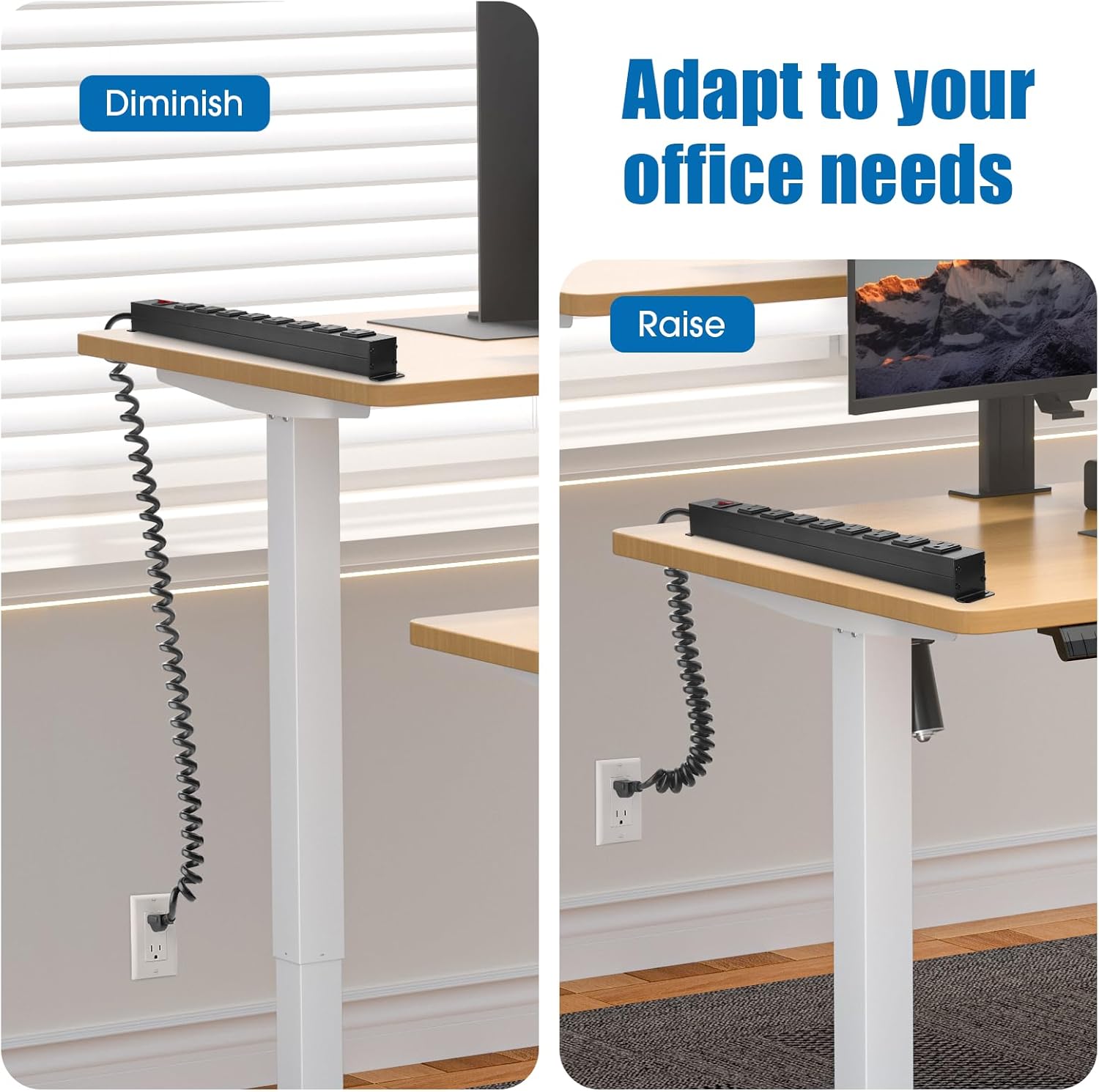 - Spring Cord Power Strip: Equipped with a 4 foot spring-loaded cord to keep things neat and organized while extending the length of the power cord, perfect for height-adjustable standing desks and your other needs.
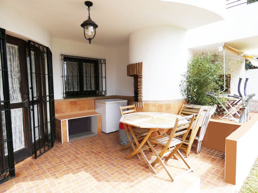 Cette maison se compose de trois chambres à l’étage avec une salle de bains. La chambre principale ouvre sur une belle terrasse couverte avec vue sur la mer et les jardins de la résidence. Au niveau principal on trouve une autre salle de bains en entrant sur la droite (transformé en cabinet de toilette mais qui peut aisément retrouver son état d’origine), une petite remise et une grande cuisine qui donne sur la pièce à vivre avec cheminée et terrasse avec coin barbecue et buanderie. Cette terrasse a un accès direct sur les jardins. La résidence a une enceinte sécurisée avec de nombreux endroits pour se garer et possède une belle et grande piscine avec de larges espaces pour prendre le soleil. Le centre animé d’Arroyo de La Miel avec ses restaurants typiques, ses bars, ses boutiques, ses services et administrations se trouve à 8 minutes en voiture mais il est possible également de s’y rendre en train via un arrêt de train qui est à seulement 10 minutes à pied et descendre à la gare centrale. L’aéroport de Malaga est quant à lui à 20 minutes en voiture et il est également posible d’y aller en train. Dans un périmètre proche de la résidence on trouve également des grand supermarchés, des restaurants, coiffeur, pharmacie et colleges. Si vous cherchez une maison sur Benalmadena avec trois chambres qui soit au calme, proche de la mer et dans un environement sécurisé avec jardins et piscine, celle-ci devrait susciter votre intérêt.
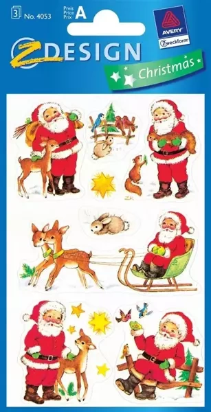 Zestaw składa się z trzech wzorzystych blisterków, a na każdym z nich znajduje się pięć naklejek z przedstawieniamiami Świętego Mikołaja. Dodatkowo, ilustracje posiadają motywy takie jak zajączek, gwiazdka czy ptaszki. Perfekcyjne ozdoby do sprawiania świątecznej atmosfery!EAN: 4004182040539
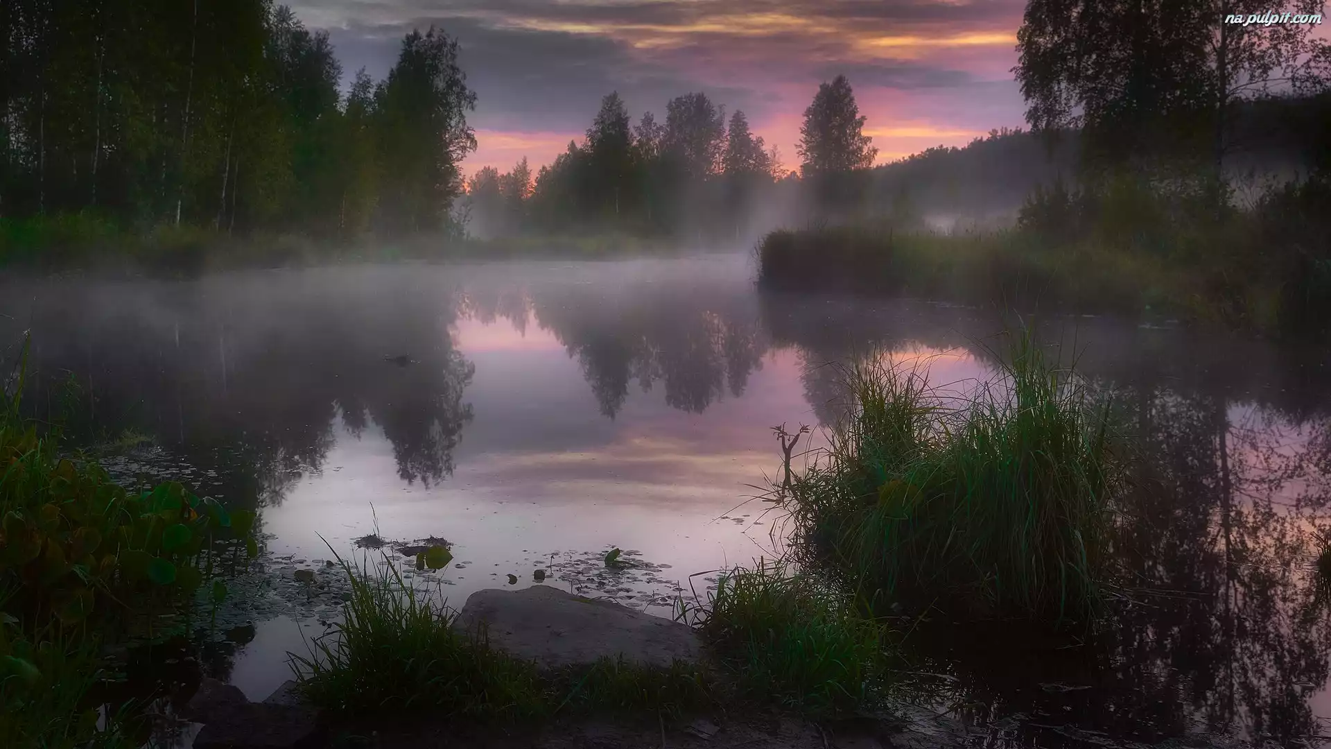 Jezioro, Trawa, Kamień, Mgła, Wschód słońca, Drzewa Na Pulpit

──────

**Brief:** Reproduce, word for word, the lines from the one containing "Zestaw składa się" to the end of the material, both ends included. No picture is copied.

**Response area:**
 Zestaw składa się z trzech wzorzystych blisterków, a na każdym z nich znajduje się pięć naklejek z przedstawieniamiami Świętego Mikołaja. Dodatkowo, ilustracje posiadają motywy takie jak zajączek, gwiazdka czy ptaszki. Perfekcyjne ozdoby do sprawiania świątecznej atmosfery!EAN: 4004182040539
 Jezioro, Trawa, Kamień, Mgła, Wschód słońca, Drzewa Na Pulpit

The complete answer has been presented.